= Beginning of Section =
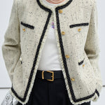 ☆Fringe details around the collar, cuffs and pockets add a touch of glamour.
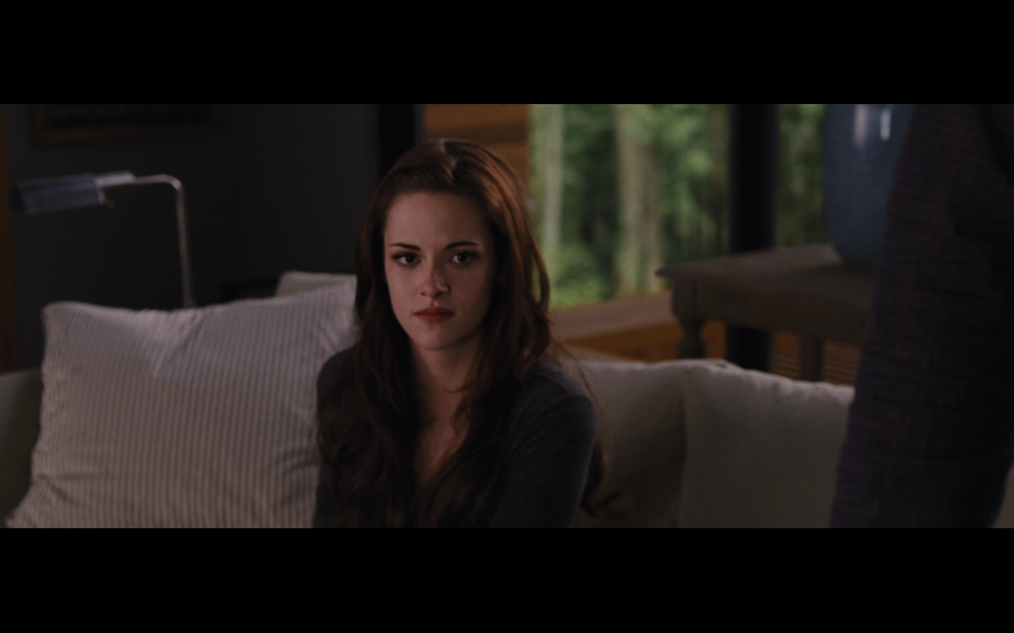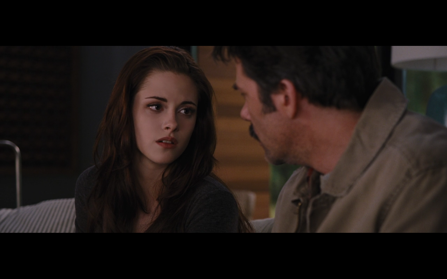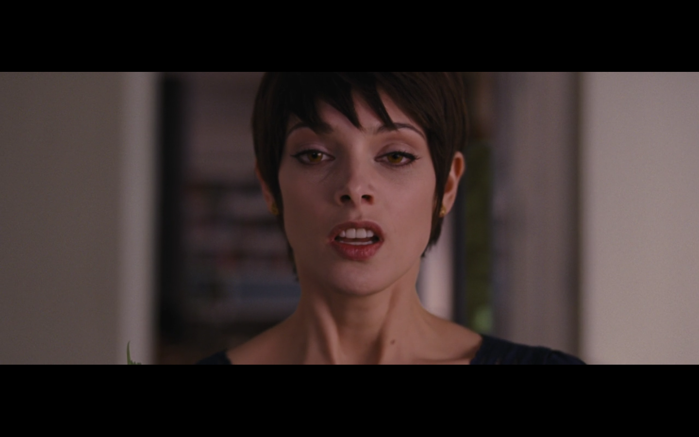There’s something interesting to be discussed here. When you change into a vampire, what decides your body makeup and all that shit? That is to say, what decides what shape you are, what your fat content is, and what your overall aesthetic ends up being? Because Bella was in rough shape when she was turned — she was emaciated and gaunt, pretty much on the verge of death. But when she changed, she got her muscle tone and fat back. Her hair got fixed and she ended up looking the way she does now. But it would be a little arbitrary to suggest that the transformation process makes you look the way you looked a little while BEFORE the transformation, so there’s really no reason why she shouldn’t have looked the way she was when she was changed.
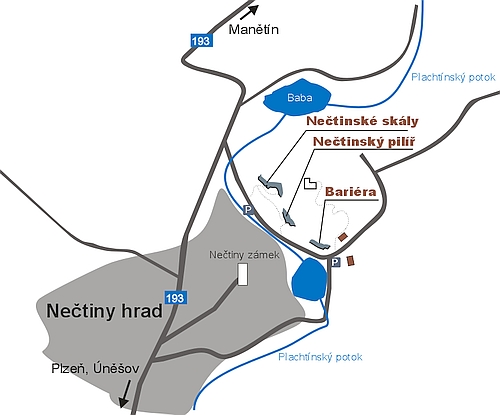 Z obce Nečtiny na jih asi 1,5 km po silnici 193 na Úněšov, 50 m za serpentinou odbočit doleva (po asfaltce za rybníkem) a dál asi 200 m. Nalevo míjíte sektory Nečtinská stěna a Nečtinský pilíř naproti rozvalinám mlýna. Parkování je u horního rybníka, hned u něj je sektor Bariéra.
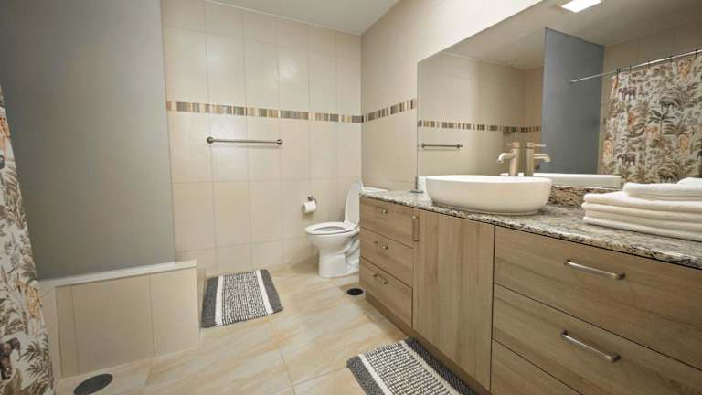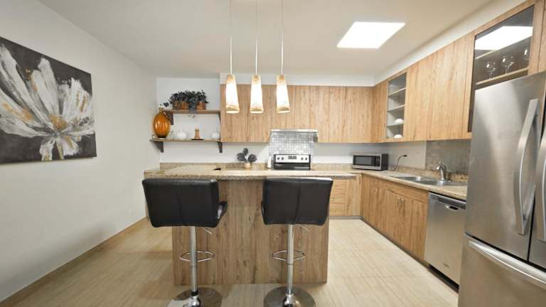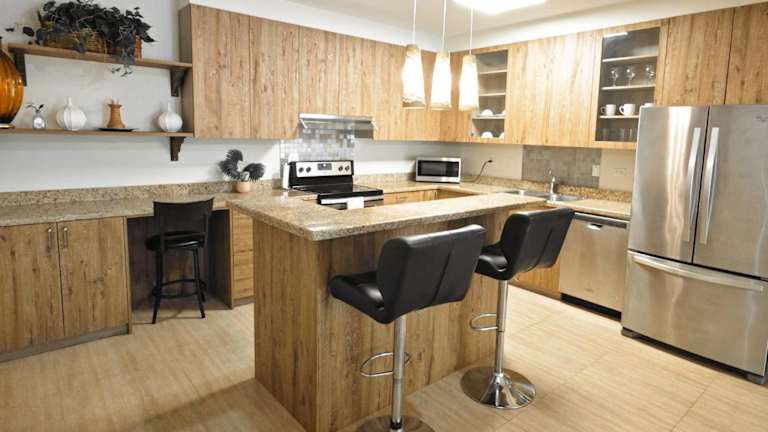 Die Wohneinheiten sind mit einer Küche ausgestattet, die über einen Kühlschrank, einen Geschirrspüler, einen Ofen, eine Mikrowelle, eine Herdplatte, einen Toaster und einen Wasserkocher verfügt.
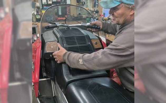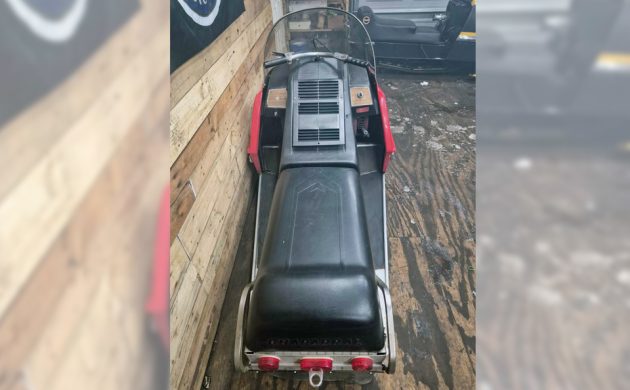 They don’t show a photo of the engine, but here’s a screenshot of the little (vertical!) video they provided showing it being started with the little button on the left side of he cowling. They say this is the Hirth engine, which should be a 438-cc twin-cylinder with around 38 horsepower. You can hear the sweet sound of it starting and idling in the listing. At $625, this is a good deal for such a nice-looking snowmobile, and Chaparrals aren’t something you’ll see a lot of at vintage snowmobile shows. Have any of you owned one?
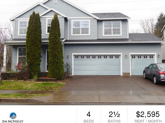 Gorgeous Four Bedroom Tualatin Home with Three Car Garage! - Spacious open floor plan with 4 bedrooms, plus office/den, plus family room, plus loft, and 3 car garage. Over 3000 square feet! Hardwoods on main level, formal living and dining rooms, family room off kitchen with fireplace. Kitchen features hardwood floors, granite counters, nook, and pantry butler bar - perfect for entertaining! Master has double vanity, tub and shower, walk-in closet. Utility room with washer/dryer hook-ups, large loft for office/den/play area. Fenced backyard, walking distance to elementary school, and just minutes to Meridian Park Hospital, shopping, and I-5. Forced air gas heat, gas heated water, electric A/C. Owner may consider one small dog (20 lbs and under); no cats. __________________ Thank you for choosing Jim McNeeley Real Estate & Property Management, Inc.! Completed applications are processed/screened on a first come first served basis; to consider an application complete and begin the screening process, we require a completed application for each adult age 18 and older, screening fee(s) for all applicants, pet/animal screening (if applicable), ID for each applicant, income verification for the household, and an interior viewing of the property. We require you to view the exterior of the property in person before we will schedule a viewing. Renters Insurance is due upon taking possession of the property. Screening Fee: $50 per adult (anyone 18 or older) County: Clackamas Lease Terms: 12 months Date Available for Viewing (subject to change): NOW! Heat: Forced air Gas ; Electric A/C Utilities included in rent: None Utilities paid by tenants: Water/Sewer, Gas (NWN), Electric (PGE), Garbage Appliances: Stainless Refrigerator, Range, Microwave, Dishwasher, and Garbage Disposal Year Built: 2004 Levels: Two Garage: 3-car attached Fenced: Yes Vehicle Restrictions: No boat, trailer or RV without approval. HOA: Yes, this property is in an HOA. Tenants agree to abide by all HOA rules and regulations. School District: Tualatin; interested parties to verify and confirm schools. PET POLICY: One small dog may be considered; subject to approval of the homeowner. Under 20 lbs. No cats. Special Terms: No smoking inside the premises, including the garage, or within 10 feet of the property. Our application process includes, but is not limited to- * Credit, criminal and eviction check for all tenants 18 and older * Rental history verification for all applicants applying * Verifying your combined household income is at minimum three (3) times the rent amount * If pets are allowed and approved by the property owner, the security deposit will be increased by $500 per approved pet. See website for breed restrictions. * Applications will not be processed until applicants view the interior of the home. Properties will not typically be shown until after the availability date. *Please view our application process and criteria before applying: http www.mcneeley.com/application-process INFORMATION NOT GUARANTEED AND SHOULD BE VERIFIED. SQUARE FOOTAGE IS APPROXIMATE & MAY INCLUDE BOTH FINISHED & UNFINISHED AREAS. SCHOOL AVAILABILITY SUBJECT TO CHANGE. ___________________ No Cats Allowed (RLNE4638485)
= End of Section =
# What the task requires
Please repeat every line of the material above exactly and without its pictures.

# Output
 ☆Fringe details around the collar, cuffs and pockets add a touch of glamour.
There’s something interesting to be discussed here. When you change into a vampire, what decides your body makeup and all that shit? That is to say, what decides what shape you are, what your fat content is, and what your overall aesthetic ends up being? Because Bella was in rough shape when she was turned — she was emaciated and gaunt, pretty much on the verge of death. But when she changed, she got her muscle tone and fat back. Her hair got fixed and she ended up looking the way she does now. But it would be a little arbitrary to suggest that the transformation process makes you look the way you looked a little while BEFORE the transformation, so there’s really no reason why she shouldn’t have looked the way she was when she was changed.
 Z obce Nečtiny na jih asi 1,5 km po silnici 193 na Úněšov, 50 m za serpentinou odbočit doleva (po asfaltce za rybníkem) a dál asi 200 m. Nalevo míjíte sektory Nečtinská stěna a Nečtinský pilíř naproti rozvalinám mlýna. Parkování je u horního rybníka, hned u něj je sektor Bariéra.
 Die Wohneinheiten sind mit einer Küche ausgestattet, die über einen Kühlschrank, einen Geschirrspüler, einen Ofen, eine Mikrowelle, eine Herdplatte, einen Toaster und einen Wasserkocher verfügt.
 They don’t show a photo of the engine, but here’s a screenshot of the little (vertical!) video they provided showing it being started with the little button on the left side of he cowling. They say this is the Hirth engine, which should be a 438-cc twin-cylinder with around 38 horsepower. You can hear the sweet sound of it starting and idling in the listing. At $625, this is a good deal for such a nice-looking snowmobile, and Chaparrals aren’t something you’ll see a lot of at vintage snowmobile shows. Have any of you owned one?
 Gorgeous Four Bedroom Tualatin Home with Three Car Garage! - Spacious open floor plan with 4 bedrooms, plus office/den, plus family room, plus loft, and 3 car garage. Over 3000 square feet! Hardwoods on main level, formal living and dining rooms, family room off kitchen with fireplace. Kitchen features hardwood floors, granite counters, nook, and pantry butler bar - perfect for entertaining! Master has double vanity, tub and shower, walk-in closet. Utility room with washer/dryer hook-ups, large loft for office/den/play area. Fenced backyard, walking distance to elementary school, and just minutes to Meridian Park Hospital, shopping, and I-5. Forced air gas heat, gas heated water, electric A/C. Owner may consider one small dog (20 lbs and under); no cats. __________________ Thank you for choosing Jim McNeeley Real Estate & Property Management, Inc.! Completed applications are processed/screened on a first come first served basis; to consider an application complete and begin the screening process, we require a completed application for each adult age 18 and older, screening fee(s) for all applicants, pet/animal screening (if applicable), ID for each applicant, income verification for the household, and an interior viewing of the property. We require you to view the exterior of the property in person before we will schedule a viewing. Renters Insurance is due upon taking possession of the property. Screening Fee: $50 per adult (anyone 18 or older) County: Clackamas Lease Terms: 12 months Date Available for Viewing (subject to change): NOW! Heat: Forced air Gas ; Electric A/C Utilities included in rent: None Utilities paid by tenants: Water/Sewer, Gas (NWN), Electric (PGE), Garbage Appliances: Stainless Refrigerator, Range, Microwave, Dishwasher, and Garbage Disposal Year Built: 2004 Levels: Two Garage: 3-car attached Fenced: Yes Vehicle Restrictions: No boat, trailer or RV without approval. HOA: Yes, this property is in an HOA. Tenants agree to abide by all HOA rules and regulations. School District: Tualatin; interested parties to verify and confirm schools. PET POLICY: One small dog may be considered; subject to approval of the homeowner. Under 20 lbs. No cats. Special Terms: No smoking inside the premises, including the garage, or within 10 feet of the property. Our application process includes, but is not limited to- * Credit, criminal and eviction check for all tenants 18 and older * Rental history verification for all applicants applying * Verifying your combined household income is at minimum three (3) times the rent amount * If pets are allowed and approved by the property owner, the security deposit will be increased by $500 per approved pet. See website for breed restrictions. * Applications will not be processed until applicants view the interior of the home. Properties will not typically be shown until after the availability date. *Please view our application process and criteria before applying: http www.mcneeley.com/application-process INFORMATION NOT GUARANTEED AND SHOULD BE VERIFIED. SQUARE FOOTAGE IS APPROXIMATE & MAY INCLUDE BOTH FINISHED & UNFINISHED AREAS. SCHOOL AVAILABILITY SUBJECT TO CHANGE. ___________________ No Cats Allowed (RLNE4638485)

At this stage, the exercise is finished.